Может кто пробовал сабж.

Хочу чтобы при старте система полностью грузилась в память, при работе переодически бэкапилась, при выключении заливалась обратно на винт.

Спасибо.

----------

## joeklow

И какая файловая система это умеет? AUFS с кривыми хаками в куче мест?

----------

## alexdu

 *yauhenl wrote:*   

> Может кто пробовал сабж.
> 
> Хочу чтобы при старте система полностью грузилась в память, при работе переодически бэкапилась, при выключении заливалась обратно на винт.

 

вот что-то похожее:

http://www.gentoo.org/news/20110308-livedvd.xml

----------

## yauhenl

 *alexdu wrote:*   

>  *yauhenl wrote:*   Может кто пробовал сабж.
> 
> Хочу чтобы при старте система полностью грузилась в память, при работе переодически бэкапилась, при выключении заливалась обратно на винт. 
> 
> вот что-то похожее:
> ...

 

Это лайв двд. Просто загрузочный диск.

А я хочу полноценную систему.

Ведь в генту можно отдельные разделы монтировать как tmpfs и они будут в оперативе по факту висеть.

Вот я хочу подмонтировать всю операционку туда.

----------

## alexdu

 *yauhenl wrote:*   

> Это лайв двд.

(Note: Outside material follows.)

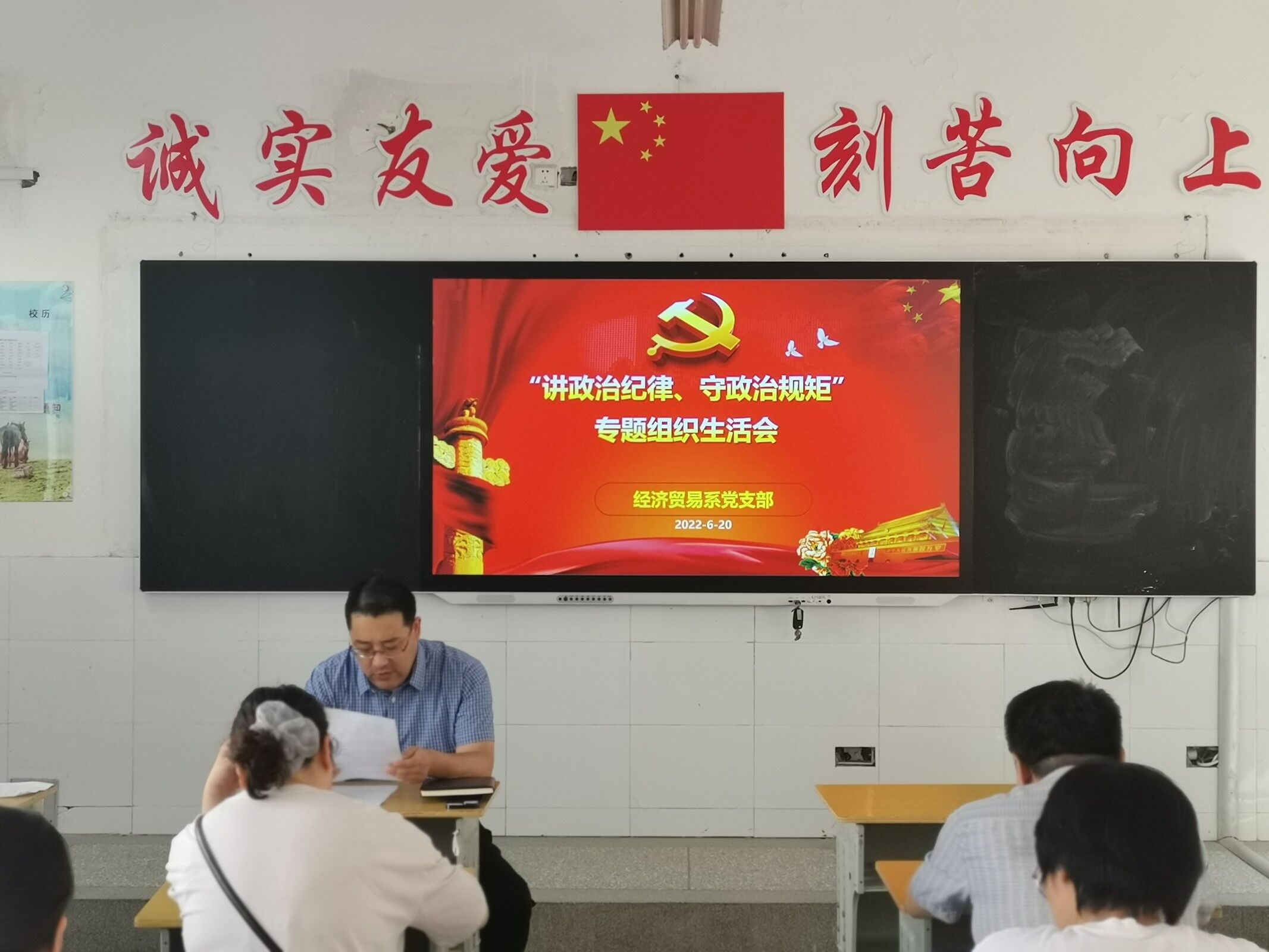 政治纪律是党最根本、最重要的纪律,政治规矩是最重要、最根本、最关键的规矩,为切实增强经济贸易系党支部全体党员讲政治纪律和守政治规矩意识,把思想统一到推动系部、学校高质量发展上来,按照校党委通知要求,6月20日下午,经济贸易系党支部召开“讲政治纪律、守政治规矩”专题组织生活会,会议由支部书记史忠良主持。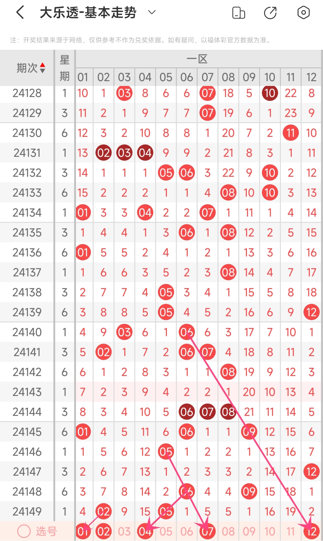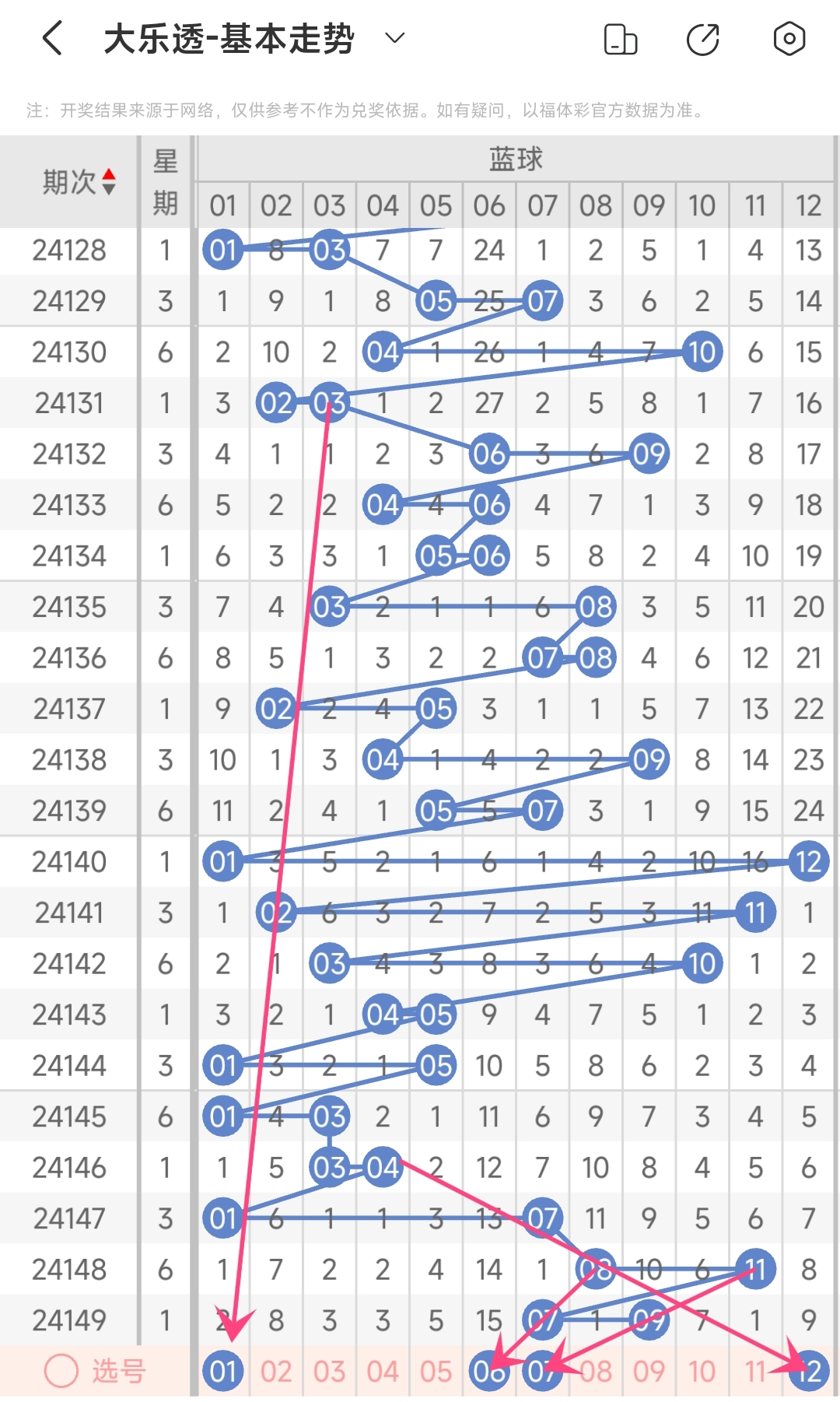 蓝球上期(24149期)开出了07-09,开出了两奇组合出号,本期需要注意是会继续开出奇组合还是会开出一奇一偶或者两偶组合,且在开出一大一小组合出号后开出后端两个大号组合出号,本期需要注意是会继续开出后端大号号码还是会回补前端小号号码,蓝球本期首先需要关注的号码【01】两期回补号码带斜连走势,然后是【06】斜三连走势,其次是【07】重号带斜连走势【12】九期回补号码带斜连走势,蓝球本期重点关注号码【01 06 07 12】

Просто загрузочный диск.

 Но это не "просто лайф двд", это лайф двд с aufs, по описанию было похоже на ваш вопрос  :Wink: 

 *yauhenl wrote:*   

> А я хочу полноценную систему.

 Я не понял, что значит полноценную, если какой-то десктоп, с Гномом, например, так тогда дело пахнет 10-15Гб всяких либ, бинарников, ебилдов и сорцов.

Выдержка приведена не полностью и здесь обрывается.